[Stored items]

________________________________________

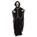 Beistle Skeleton with Chains Creepy Creature Motion-Activated Halloween Decoration with Flashing LED Lights and Spooky Laugh, Poseable Arms, Indoor Haunted House Prop, 6β, 6′, Black/Off White/Gray
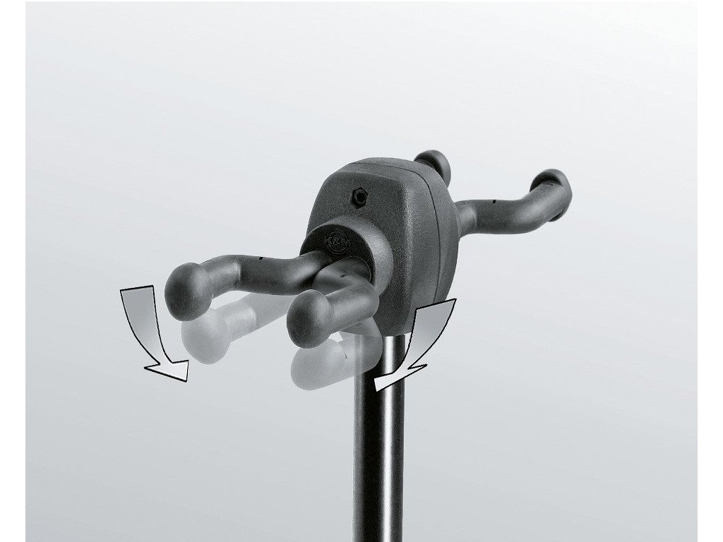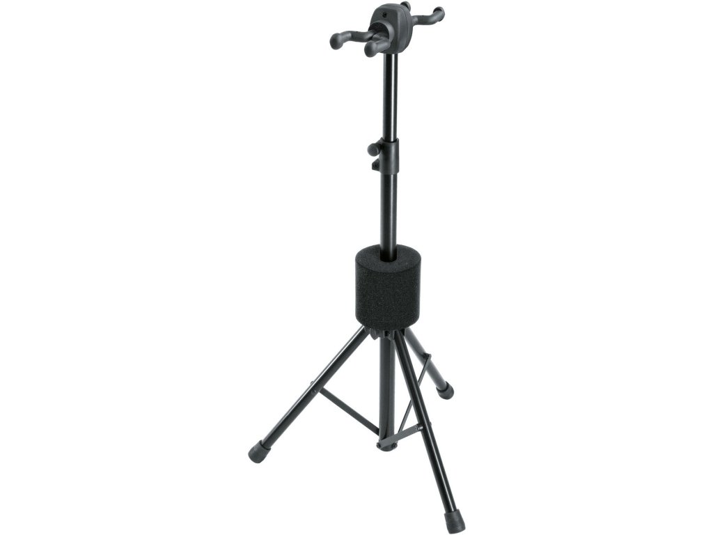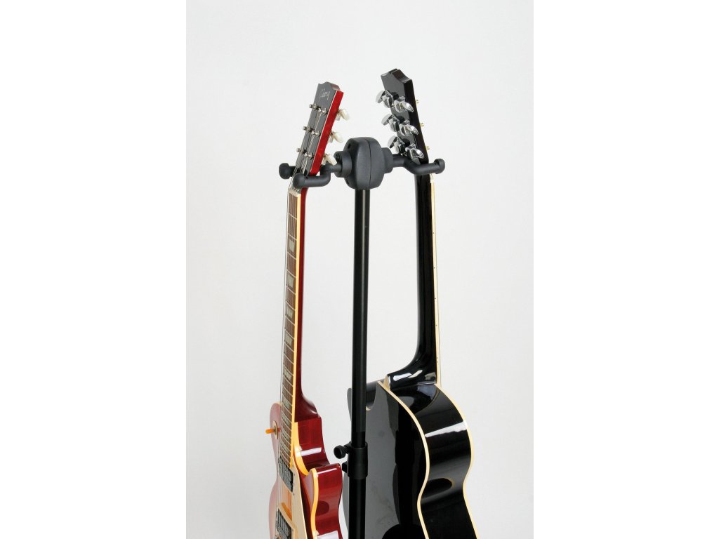 Stojak na 2 gitary »Double«. Nadaje się do gitar akustycznych, elektrycznych lub basowych, banjo i ukulele. Opatentowany system zapewnia mocne i bezpieczne mocowanie gitary. Miękka pianka i wysokiej jakości gumowanie chronią lakier w miejscach, gdzie dochodzi do kontaktu z instrumentem. Wysokość stojaka 800/1300 mm. Stojak szybko i łatwo się składa, wymiary transportowe 750 x 260 mm. Produkowany w kolorze czarnym.
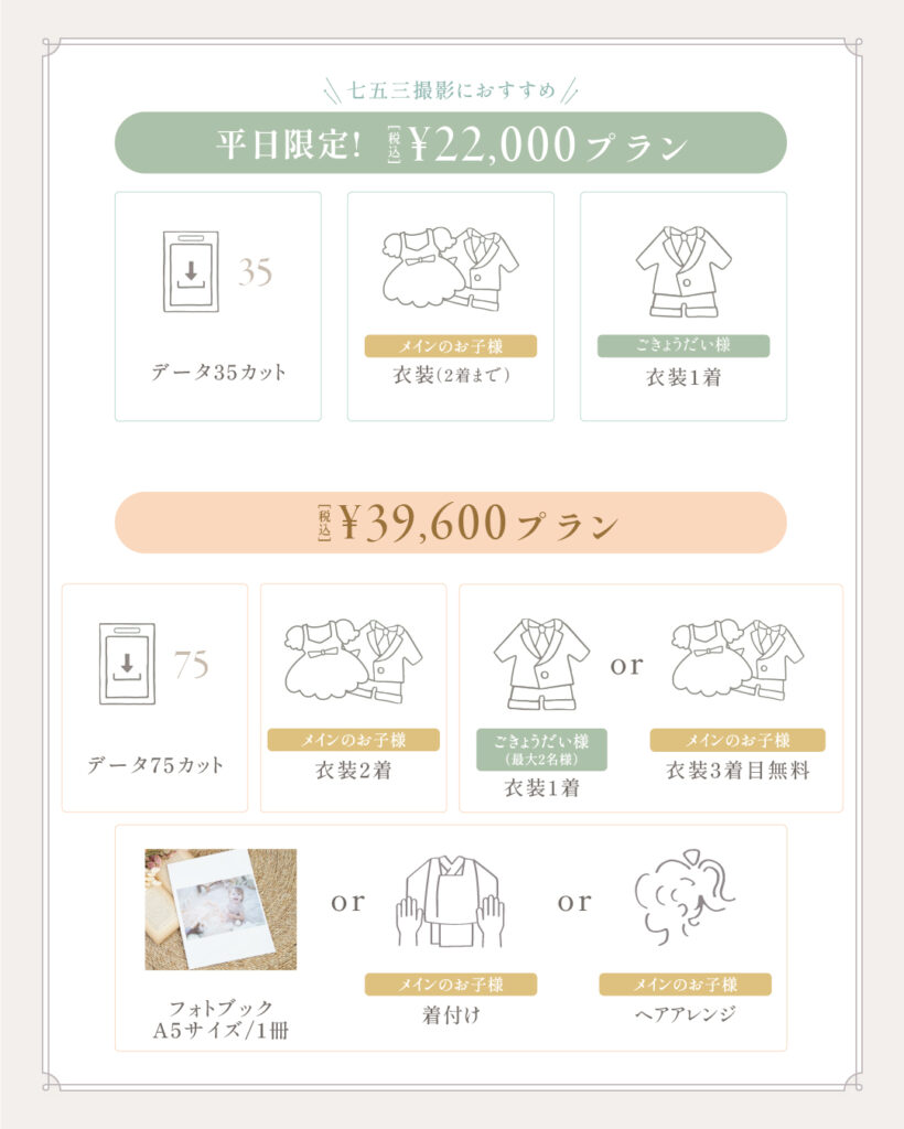 ・きょうだい衣装1着付き(最大2名様)orメインのお子様衣装3着目無料
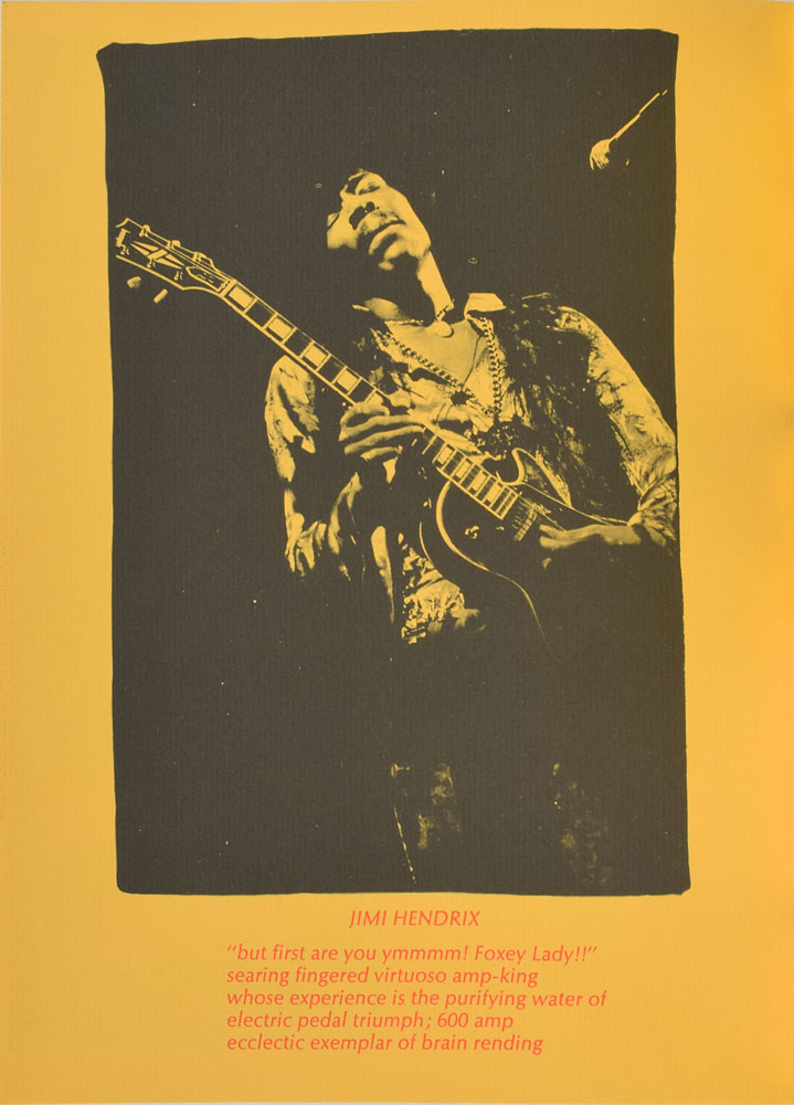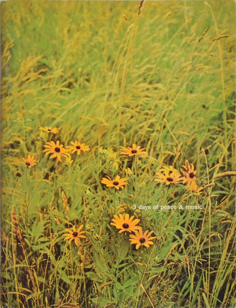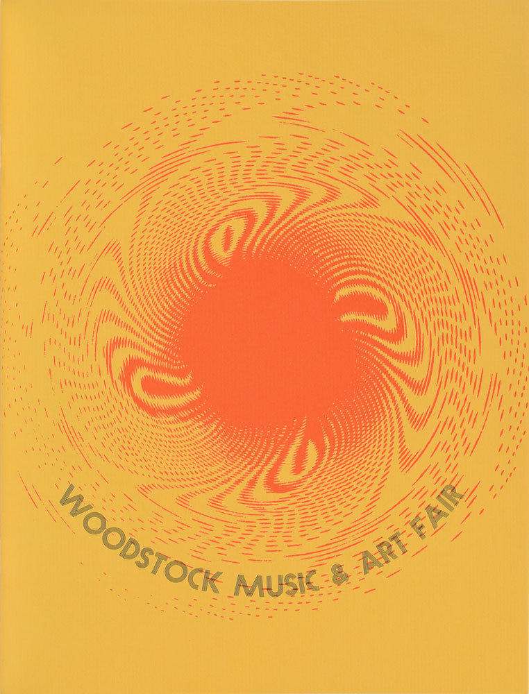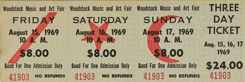 Vintage program for the 1969 Woodstock Music & Art Fair, 8.5 x 11, 50 pages, filled with colorful psychedelic designs and images of the various performers, including: Jimi Hendrix, Janis Joplin, Jeff Beck, Creedence Clearwater Revival, Richie Havens, Grateful Dead, Joe Cocker, Ravi Shankar, and Joan Baez. Also includes an original unused three-day ticket for the Woodstock Music and Art Fair, August 15-17, 1969, 6 x 2, issued as ticket number "41903." In fine condition.
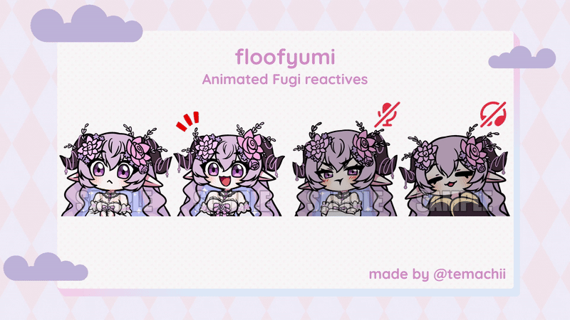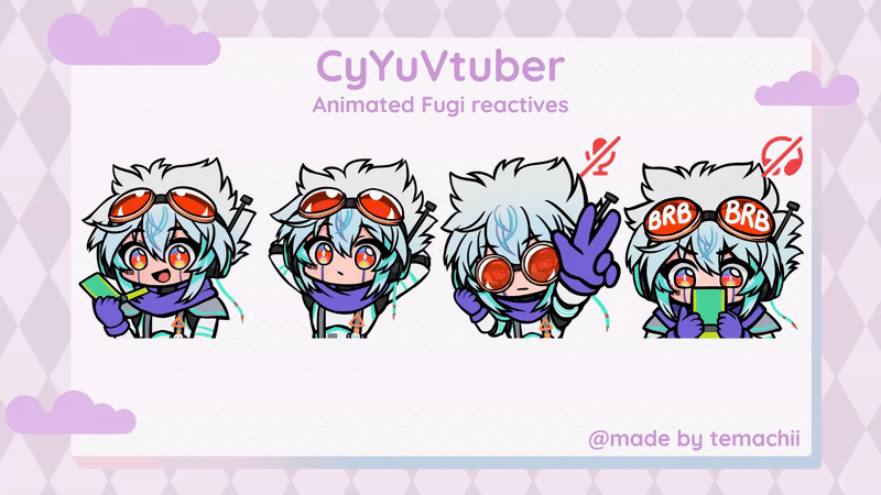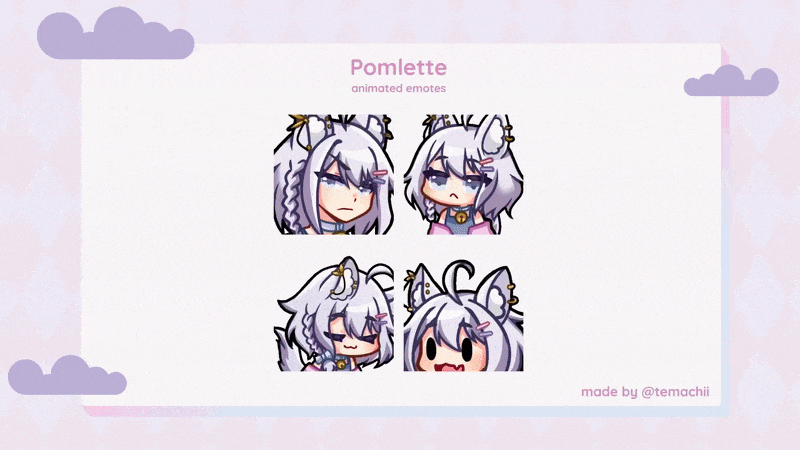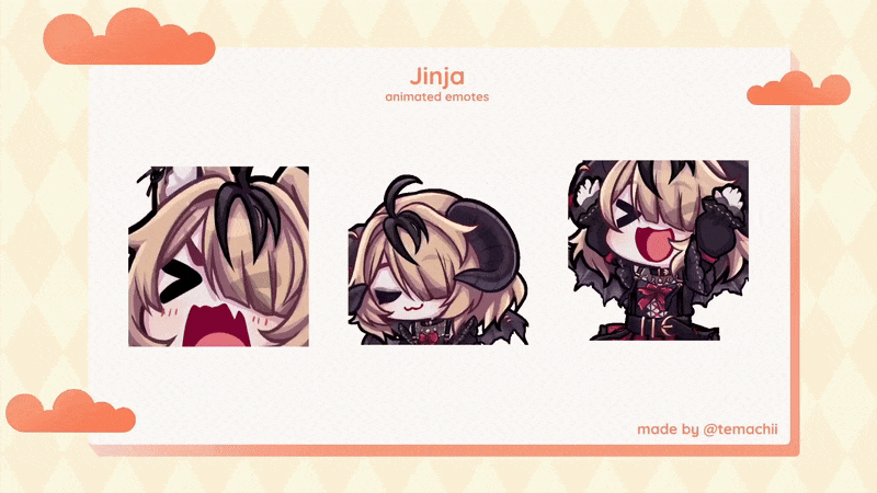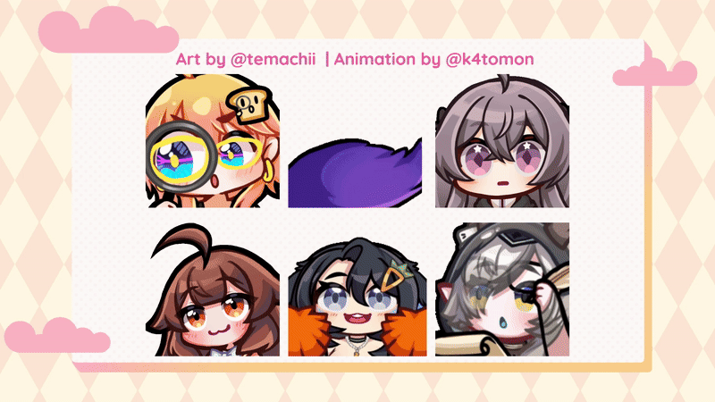 NOTE: My animated emotes are hand-drawn and frame-by-frame. Collab emotes with Kato are drawn by me, and he animates them in Live2D.

________________________________________

[TASK DETAILS]: All entries above must be printed again verbatim, with images excluded.

[RESPONSE]:
 Beistle Skeleton with Chains Creepy Creature Motion-Activated Halloween Decoration with Flashing LED Lights and Spooky Laugh, Poseable Arms, Indoor Haunted House Prop, 6β, 6′, Black/Off White/Gray
 Stojak na 2 gitary »Double«. Nadaje się do gitar akustycznych, elektrycznych lub basowych, banjo i ukulele. Opatentowany system zapewnia mocne i bezpieczne mocowanie gitary. Miękka pianka i wysokiej jakości gumowanie chronią lakier w miejscach, gdzie dochodzi do kontaktu z instrumentem. Wysokość stojaka 800/1300 mm. Stojak szybko i łatwo się składa, wymiary transportowe 750 x 260 mm. Produkowany w kolorze czarnym.
 ・きょうだい衣装1着付き(最大2名様)orメインのお子様衣装3着目無料
 Vintage program for the 1969 Woodstock Music & Art Fair, 8.5 x 11, 50 pages, filled with colorful psychedelic designs and images of the various performers, including: Jimi Hendrix, Janis Joplin, Jeff Beck, Creedence Clearwater Revival, Richie Havens, Grateful Dead, Joe Cocker, Ravi Shankar, and Joan Baez. Also includes an original unused three-day ticket for the Woodstock Music and Art Fair, August 15-17, 1969, 6 x 2, issued as ticket number "41903." In fine condition.
 NOTE: My animated emotes are hand-drawn and frame-by-frame. Collab emotes with Kato are drawn by me, and he animates them in Live2D.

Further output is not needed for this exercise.